IndexOutOfBoundsException calling get_term_counts #903

isoboroff · 2021-12-13T18:08:34Z

This is code to print the top tf.idf-weighted terms from documents in a run:

reader = IndexReader.from_prebuilt_index('robust04')
for topic, docs in run.items():
    print('---', topic)
    for doc in docs:
        print('---', doc)
        vec = reader.get_document_vector(doc)
        weighted = []
        for term, tf in vec.items():
            print('---', term, tf)
            df, cf = reader.get_term_counts(term)
            tfidf = tf / df
            heapq.heappush(weighted, (tfidf, term))
        for weight, term in heapq.nlargest(10, weighted):
            print(topic, doc, term, weight)

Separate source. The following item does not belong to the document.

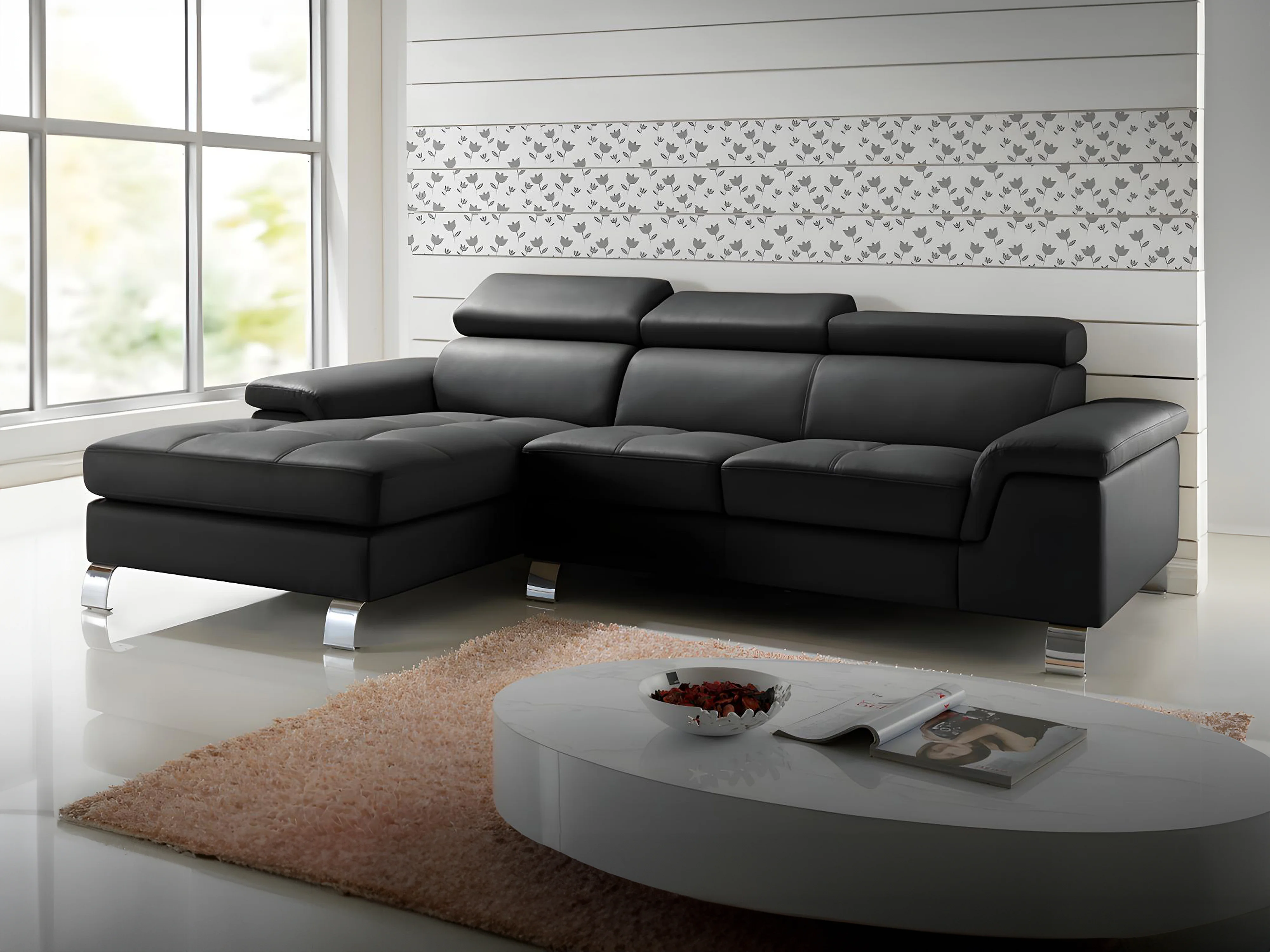 Canapé d'angle cuir MISHIMA - Noir - Angle gauche

The run I am iterating is a BM25 retrieval run on robust04 from Pyserini. On topic 301, document FBIS4-40260, term 'it' (tf=2), I get the following error:

Traceback (most recent call last):
  File "/Users/soboroff/pyserini-fire/./top-terms.py", line 33, in <module>
    df, cf = reader.get_term_counts(term)
  File "/Users/soboroff/pyserini-fire/venv/lib/python3.10/site-packages/pyserini/index/_base.py", line 259, in get_term_counts
    term_map = self.object.getTermCountsWithAnalyzer(self.reader, JString(term.encode('utf-8')), analyzer)
  File "jnius/jnius_export_class.pxi", line 884, in jnius.JavaMethod.__call__
  File "jnius/jnius_export_class.pxi", line 1056, in jnius.JavaMethod.call_staticmethod
  File "jnius/jnius_utils.pxi", line 91, in jnius.check_exception
jnius.JavaException: JVM exception occurred: Index 0 out of bounds for length 0 java.lang.IndexOutOfBoundsException

The text was updated successfully, but these errors were encountered:

lintool · 2021-12-13T18:11:17Z

Hey @isoboroff - quick sanity check: did you index with the doc vector stored? e.g., --storeDocvector

https://github.com/castorini/pyserini/#how-do-i-index-and-search-my-own-documents

isoboroff · 2021-12-13T18:13:00Z

This is the prebuilt robust04 index

lintool · 2021-12-13T18:17:43Z

It seems like the prebuilt index does have the doc vectors stored: https://github.com/castorini/pyserini/blob/master/docs/prebuilt-indexes.md#standard-lucene-indexes

And: https://github.com/castorini/pyserini/blob/master/pyserini/resources/index-metadata/index-robust04-20191213-readme.txt

Can you print out vec:

         vec = reader.get_document_vector(doc)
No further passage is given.